Perhaps their most important resources are the personnel who must distill legislative and regulatory requirements into actionable programs, and then manage and oversee those programs to improve the security postures of their agencies. These personnel are the "boots on the ground" in the federal information security battle space, and they constitute the CISO's best chance of winning the battle against those who wish to do harm to federal information, systems and networks.
The Federal Information Security Management Act, among its various inadequacies, failed to recognize the need to classify and professionalize this workforce. The Office of Personnel Management has apparently embraced FISMA's silence on the matter, and has inexplicably resisted creating a job series for the cybersecurity professional.
We have an assortment of career series - a music specialist is a 1051, broom and brush making is 3511, baking is 7402, and so forth - but none for cybersecurity.
For at least the past decade, OPM has been content to allow federal agencies to use the very general 2210 category for information technology specialists to hire and develop specialized cybersecurity professionals. However, cybersecurity is a field that is changing and growing more rapidly than any other field involving federal employees. For OPM not to create a job series for this specialized and dynamic field is at least an oversight and at most a declaration of bureaucratic indifference.

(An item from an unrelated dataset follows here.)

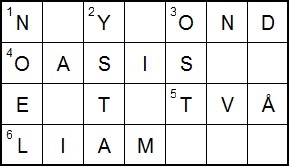 Nu ska du göra ett ord av alla de bokstäver som står i rutorna med numrering som du just skapat. I det fall en numreringssiffra står både för vågrätt och lodrätt skriver du den enbart en gång. I exemplet ovan skulle det bli "NYOOTL". Det är detta du knappar in i Certitude nedan. Hur många bokstäver det blir tänker jag inte tala om.

Over the past year, Congress has taken up its pen in an attempt to reform the FISMA legislation, and just a few weeks ago, the White House contributed its suggestions. The good news is that S.413, the draft Senate bill entitled Cybersecurity and Internet Freedom Act (see Senate Bill Eyes Cybersecurity Reform) charges OPM with developing a cybersecurity workforce strategy within 180 days and with establishing an occupation classification within one year of the bill being passed. But the lingering questions remain: Why is legislation necessary to compel OPM to take action on such an obvious area of need, and why did OPM refuse to take the initiative over the past decade? We have an assortment of career series - a music specialist is a 1051, broom and brush making is 3511, baking is 7402, and so forth - but none for cybersecurity.
The White House, in its May 12 cybersecurity legislative proposal (see (see White House Unveils Cybersecurity Legislative Agenda)), avoided any mention of creating a job series, but noted:
"The recruitment and retention of highly-qualified cybersecurity professionals is extremely competitive, so we need to be sure that the government can recruit and retain these talented individuals. Our legislative proposal will give DHS more flexibility in hiring these individuals. It will also permit the government and private industry to temporarily exchange experts, so that both can learn from each others' expertise."

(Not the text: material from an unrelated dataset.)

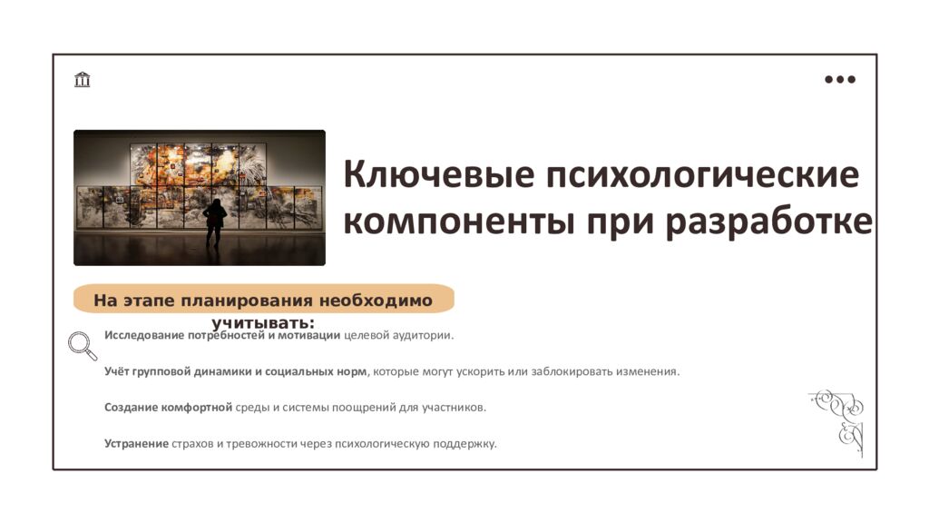 Ключевые психологические компоненты при разработке Исследование потребностей и мотивации целевой аудитории. Учёт групповой динамики и социальных норм, которые могут ускорить или заблокировать изменения. Создание комфортной среды и системы поощрений для участников. Устранение страхов и тревожности через психологическую поддержку. На этапе планирования необходимо учитывать:

These are good points, but it is noteworthy that the White House's proposed hiring authorities and related provisions only apply to DHS, and not to the other agencies. The word is that OPM balked, and the White House therefore limited its proposed authorities and provisions to DHS, creating the hopefully unintended consequence of a disastrous talent drain from other agencies to DHS.
How this plays out for the CISO will be interesting to watch. The creation of an actual job series for the cybersecurity professional is an essential tool in the CISO's toolbox, allowing the CISO to recruit, hire, train, develop, promote, advance, retain and adequately compensate professionals with the necessary knowledge, skills and abilities to defend our federal critical information infrastructure. Every federal CISO will welcome this development, and if a talent drain to DHS's more incentivized environment can be prevented, then every federal agency will see an increase in the overall quality of its efforts to improve the security of their respective enterprises.
Congress deserves a booming round of applause for its efforts to recognize, classify and professionalize the federal cybersecurity workforce. If a bill can be passed in the near term that enacts the workforce provisions contained in S.413, then the next decade will see far greater professionalization than the last decade with respect to the cybersecurity career field.
The White House deserves a small "golf clap" for at least empowering DHS, but missed an opportunity to extend the provisions across the executive branch. OPM gets a solid thumbs-down for having ignored this important requirement over the past decade, and for forcing Congress to legislate them into action. When the legislation passes, let's hope that OPM can overcome its inexplicable reluctance and produce the right outcome.